AVAILABLE DATA:

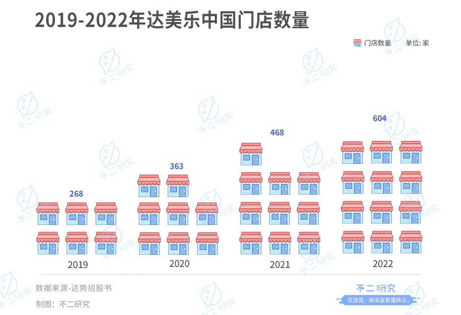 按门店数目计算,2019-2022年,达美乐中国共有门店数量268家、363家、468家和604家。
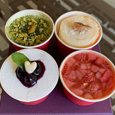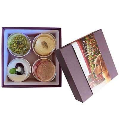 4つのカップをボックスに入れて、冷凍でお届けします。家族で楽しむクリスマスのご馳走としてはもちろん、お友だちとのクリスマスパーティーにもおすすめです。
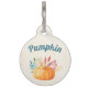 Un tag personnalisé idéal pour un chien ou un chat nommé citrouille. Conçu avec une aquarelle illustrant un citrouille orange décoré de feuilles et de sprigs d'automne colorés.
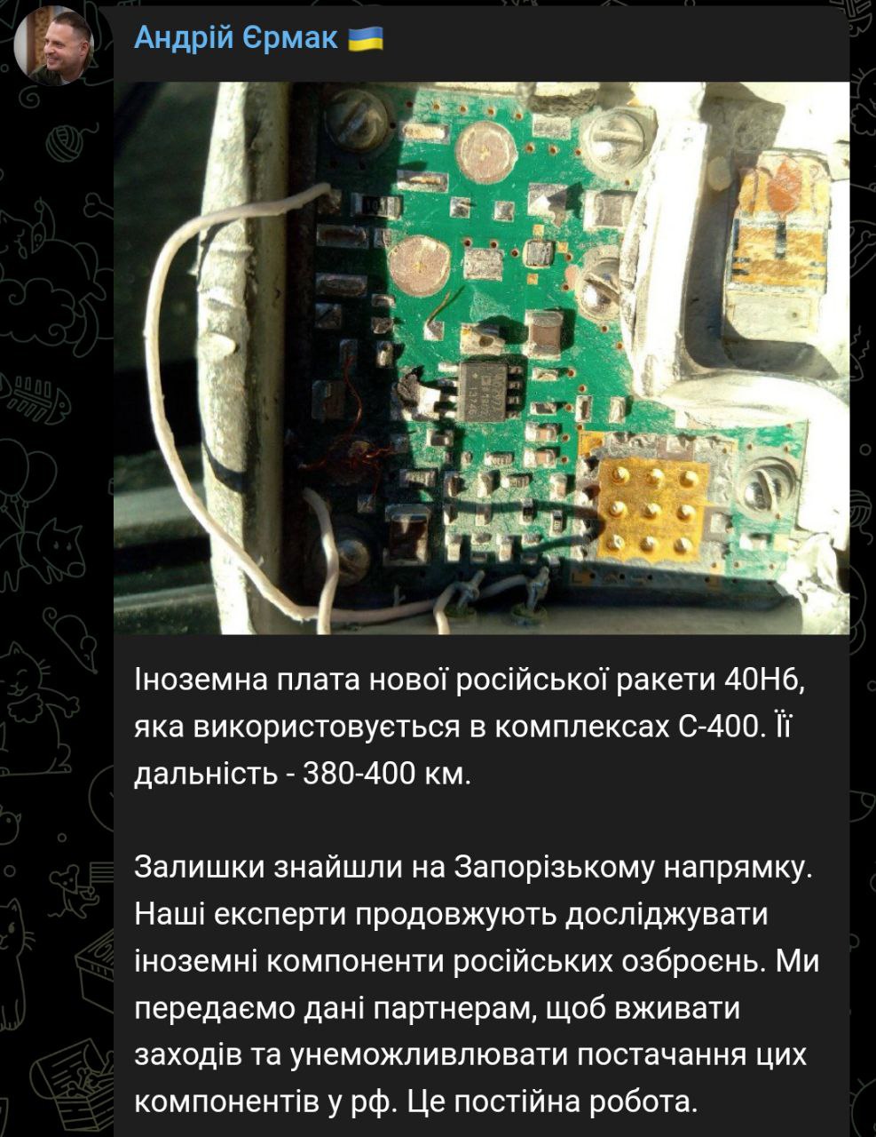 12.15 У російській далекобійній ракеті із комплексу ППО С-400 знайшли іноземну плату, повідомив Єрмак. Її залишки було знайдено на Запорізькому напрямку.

--

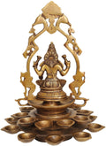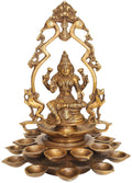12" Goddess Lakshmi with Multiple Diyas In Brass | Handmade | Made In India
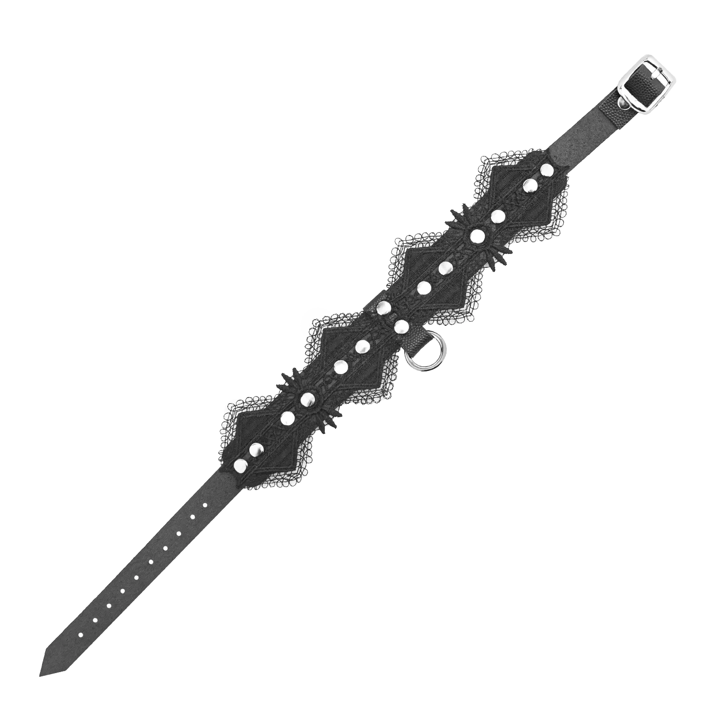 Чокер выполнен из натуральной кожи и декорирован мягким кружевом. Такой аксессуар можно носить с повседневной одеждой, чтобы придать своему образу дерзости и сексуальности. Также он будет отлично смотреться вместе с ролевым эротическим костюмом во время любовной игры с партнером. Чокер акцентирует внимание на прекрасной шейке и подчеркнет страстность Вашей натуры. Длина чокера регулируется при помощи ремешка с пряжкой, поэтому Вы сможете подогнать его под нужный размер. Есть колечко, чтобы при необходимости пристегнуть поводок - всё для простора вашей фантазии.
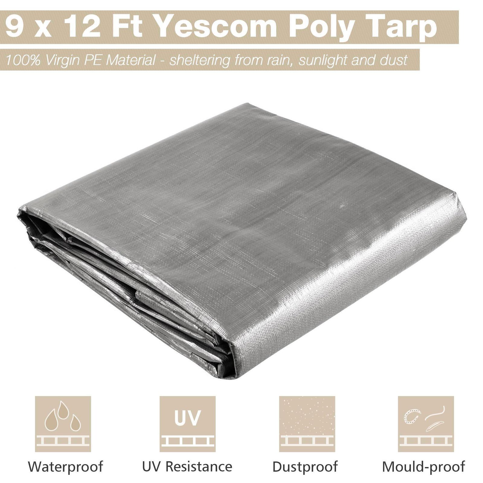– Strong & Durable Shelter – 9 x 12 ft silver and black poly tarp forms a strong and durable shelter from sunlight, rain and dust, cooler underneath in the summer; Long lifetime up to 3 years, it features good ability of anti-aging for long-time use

* * *

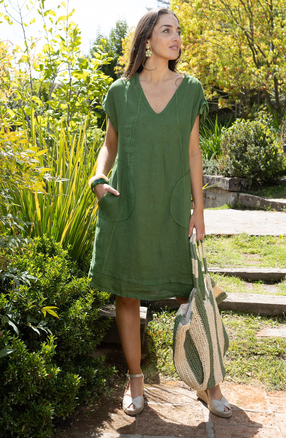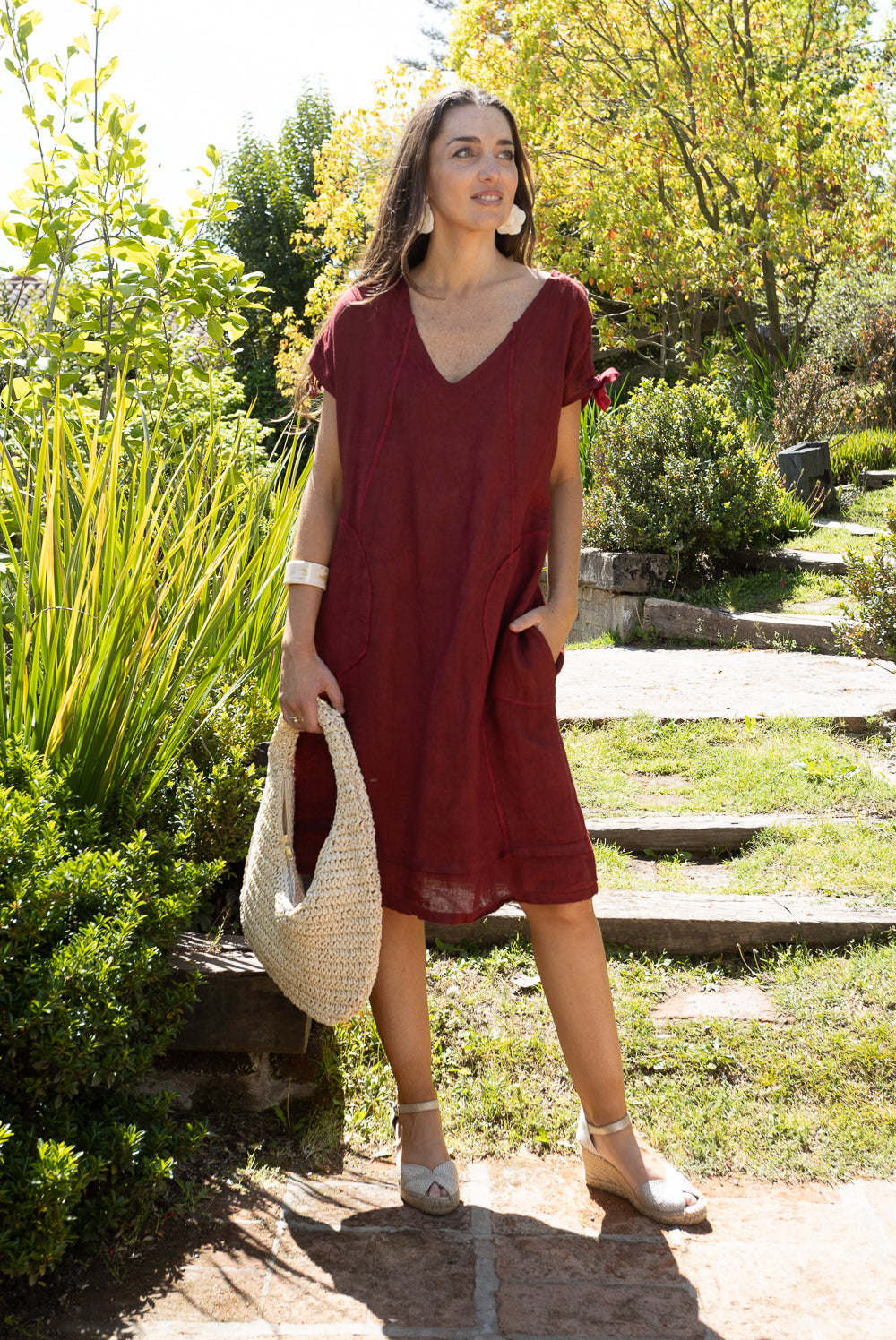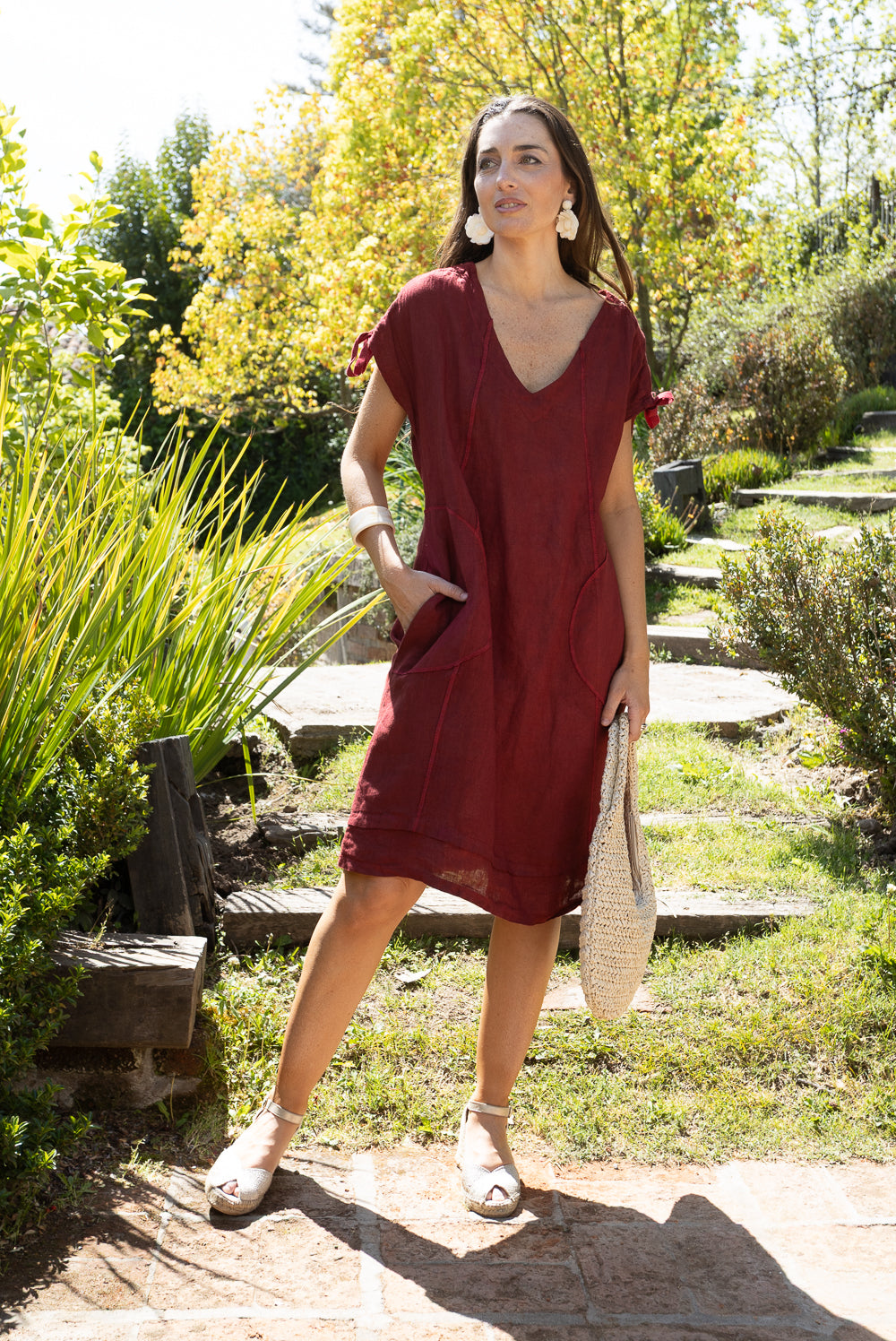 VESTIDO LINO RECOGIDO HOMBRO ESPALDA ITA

TASK REQUIREMENTS: Skipping every picture, transcribe exactly the lines above from the one containing "按门店数目计算,2019-2" through the one containing "12.15 У російській", both included.

FINISHED EXERCISE:
 按门店数目计算,2019-2022年,达美乐中国共有门店数量268家、363家、468家和604家。
 4つのカップをボックスに入れて、冷凍でお届けします。家族で楽しむクリスマスのご馳走としてはもちろん、お友だちとのクリスマスパーティーにもおすすめです。
 Un tag personnalisé idéal pour un chien ou un chat nommé citrouille. Conçu avec une aquarelle illustrant un citrouille orange décoré de feuilles et de sprigs d'automne colorés.
 12.15 У російській далекобійній ракеті із комплексу ППО С-400 знайшли іноземну плату, повідомив Єрмак. Її залишки було знайдено на Запорізькому напрямку.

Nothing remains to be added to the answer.